> _Exercise_
Two lines below mark the span: the one containing "SNSの伴走支援は、単なる「" and the one containing "- 仁尾彫金『三つ星ジルコニ". Set down both, plus every line between, exactly as they stand, and nothing else.

> _Supplied material_

※ ※ ※

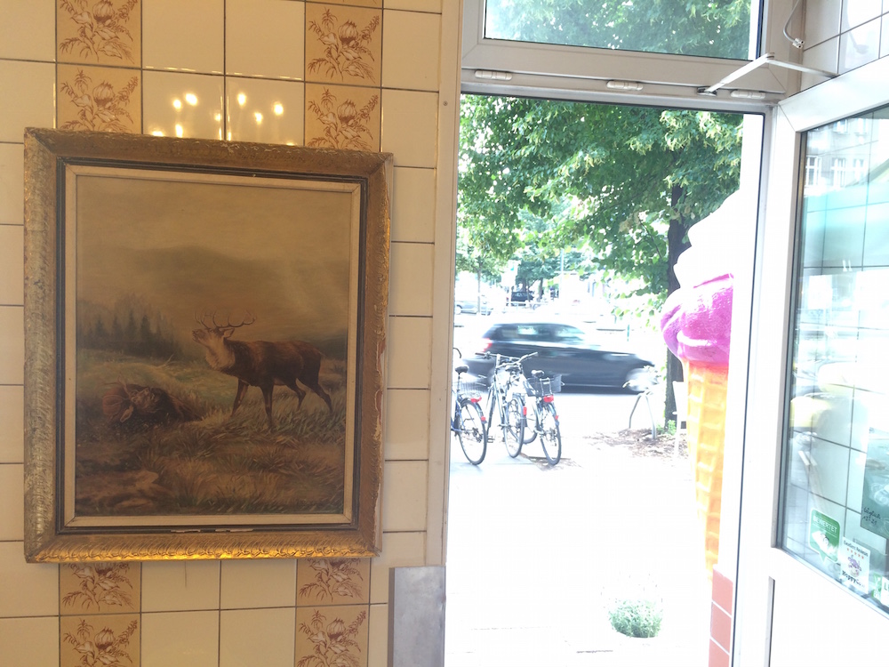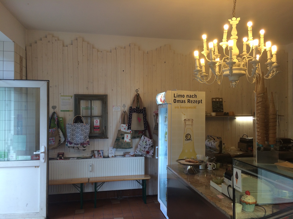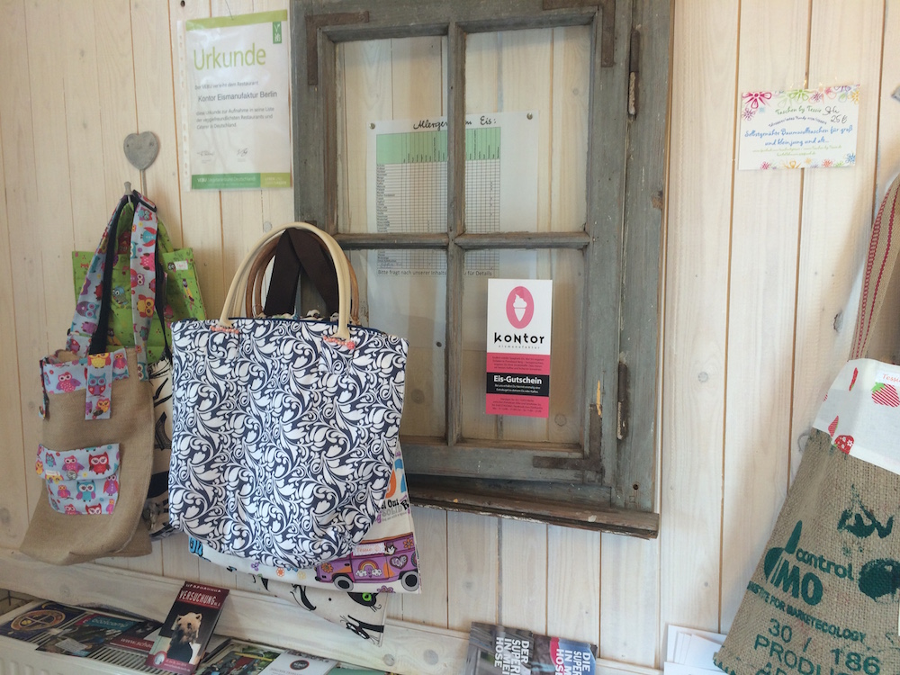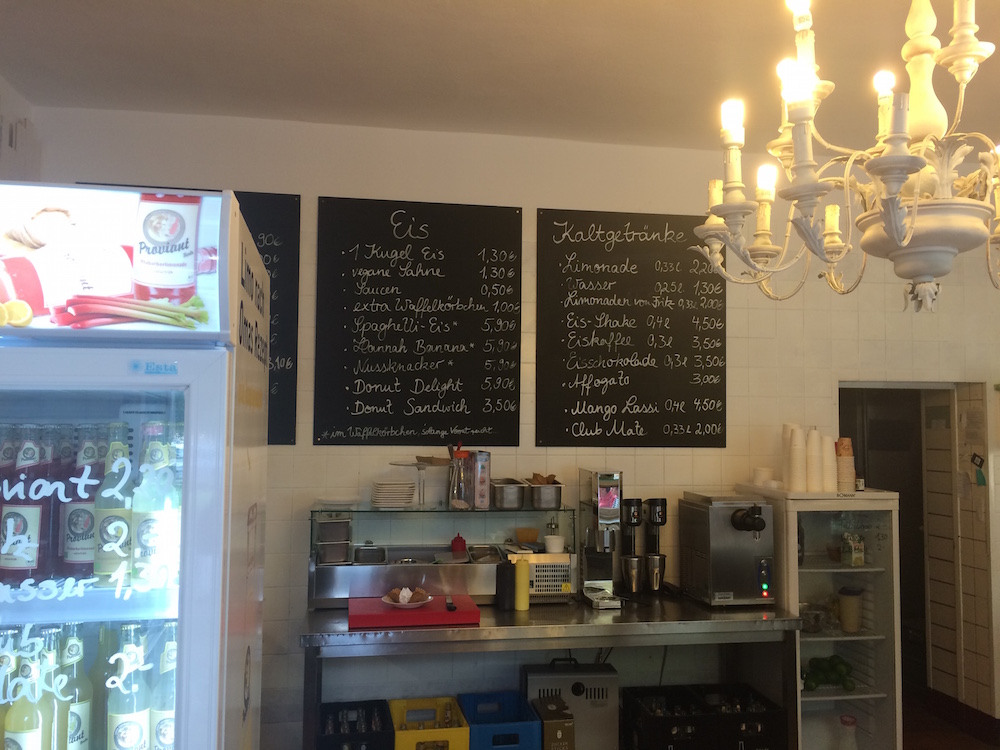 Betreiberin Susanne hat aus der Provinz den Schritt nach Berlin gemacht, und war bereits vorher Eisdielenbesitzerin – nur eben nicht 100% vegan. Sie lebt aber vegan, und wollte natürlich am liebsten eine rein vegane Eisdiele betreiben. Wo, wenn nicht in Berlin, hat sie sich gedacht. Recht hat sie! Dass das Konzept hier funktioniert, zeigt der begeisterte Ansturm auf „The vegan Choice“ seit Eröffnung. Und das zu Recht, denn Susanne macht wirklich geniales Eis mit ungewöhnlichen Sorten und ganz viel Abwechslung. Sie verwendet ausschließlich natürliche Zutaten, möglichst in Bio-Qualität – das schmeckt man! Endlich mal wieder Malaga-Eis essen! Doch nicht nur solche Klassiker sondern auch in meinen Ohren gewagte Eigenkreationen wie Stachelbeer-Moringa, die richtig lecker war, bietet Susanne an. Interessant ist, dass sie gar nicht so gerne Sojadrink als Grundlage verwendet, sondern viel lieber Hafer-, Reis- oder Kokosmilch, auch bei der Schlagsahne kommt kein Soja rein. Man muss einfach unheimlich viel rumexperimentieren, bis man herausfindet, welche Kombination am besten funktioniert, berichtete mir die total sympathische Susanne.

※ ※ ※

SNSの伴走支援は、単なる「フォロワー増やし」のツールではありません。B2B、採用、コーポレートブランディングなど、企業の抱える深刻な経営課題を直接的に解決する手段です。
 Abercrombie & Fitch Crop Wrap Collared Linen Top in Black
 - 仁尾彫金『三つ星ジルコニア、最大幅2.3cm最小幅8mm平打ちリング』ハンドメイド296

※ ※ ※

> _Expected answer_
SNSの伴走支援は、単なる「フォロワー増やし」のツールではありません。B2B、採用、コーポレートブランディングなど、企業の抱える深刻な経営課題を直接的に解決する手段です。
 Abercrombie & Fitch Crop Wrap Collared Linen Top in Black
 - 仁尾彫金『三つ星ジルコニア、最大幅2.3cm最小幅8mm平打ちリング』ハンドメイド296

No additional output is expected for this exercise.